I find then when writing custom assertions, the output is often not what I expect:

Custom assertion failures print assertion name instead of test name

If I have:

assert_valid_json() {
  # If $1 was not valid json ...
  fail "Invalid json: $1"
}

test_check_response() {
  local response="$(...)"
  assert_valid_json "$response"
}

I expect to see:

✗ Failed: Check response
    Message: Invalid json: ...

But instead, it uses the name of the function where fail (or any other bashunit assertion) produced the failure:

✗ Failed: Assert valid json
    Message: Invalid json: ...

This means that I need to be very careful to only use bashunit assertions in test_... methods, and I can't factor out helper methods and use those from my functions.

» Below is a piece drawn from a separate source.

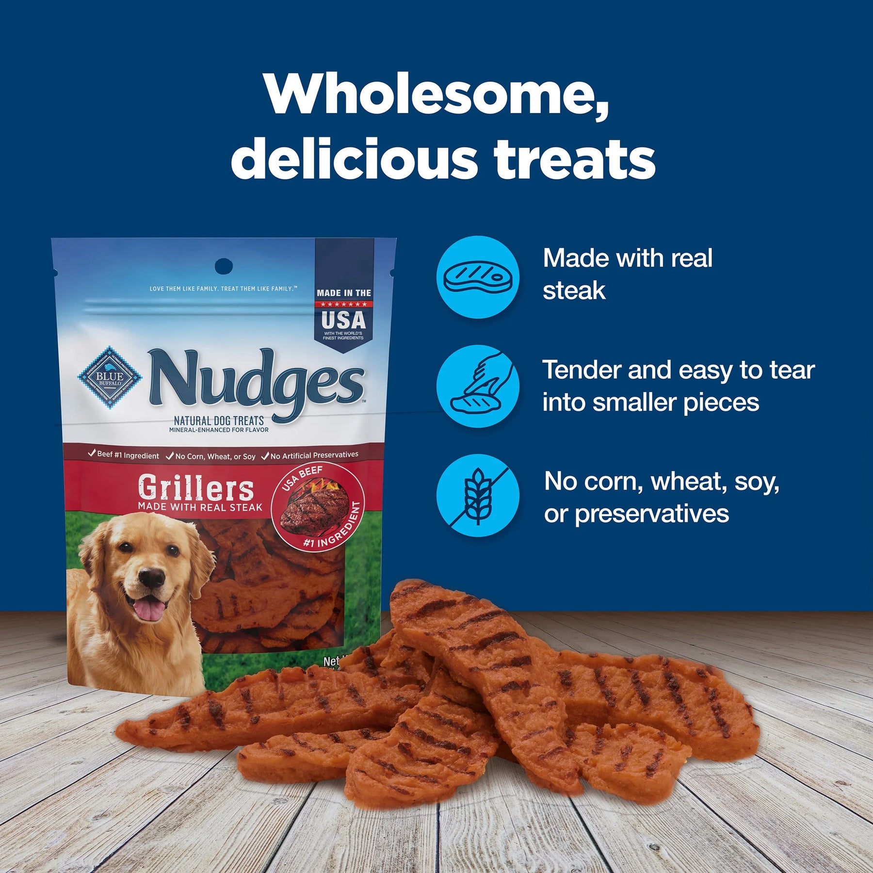Give your dog the taste of real chicken and duck with BLUE Nudges Premium Jerky Cuts Natural Dog Treats. Made with real USA chicken as the first ingredient, these tender dog treats are easy to tear into smaller pieces, so they're great for dogs of all breed sizes and ages. And like all Blue Buffalo dog treats, these treats for dogs never contain chicken (or poultry) by-product meals, corn, wheat, soy, artificial flavors, or preservatives. Watch their tail wag when you reward them with BLUE Nudges Premium Jerky Cuts Chicken & Duck Dog Treats.

Perhaps I'm doing something wrong. 🙂 I've worked around this by writing a function that walks up the call stack until it encounters the first method whose name starts with 'test_' and uses that as the test name via state::print_line.

Custom Assertions Print Failures Twice

When I use 'console_results::print_failure_message', I will get the failure message twice in the non-summary output, e.g.:

(I wrote a test that should fail here, using a custom assertion similar to assert_exit_code but with clearer output)

Running tests.sh
✗ Failed: Get foo should fail
     Command failed: get-foo, got exit code 0
✗ Failed: Get foo should fail                             <-- Why printed twice?
     Command failed: get-foo, got exit code 0

There was 1 failure:

|1) tests.sh:246
|✗ Failed: Get foo should fail
|     Command failed: get-foo, got exit code 0

This does not happen if I use fail. I am only using console_results::print_failure_message because of the need to specify the test function name, per the previous item.

Using Assertions in a Custom Assertion Will Always Run All of Them, Even if One Fails

If I write assert_foo() and, inside it, I try to assert_exit_code and assert_file_contains, it will always run both assertions, even if the first fails, leading to strange errors.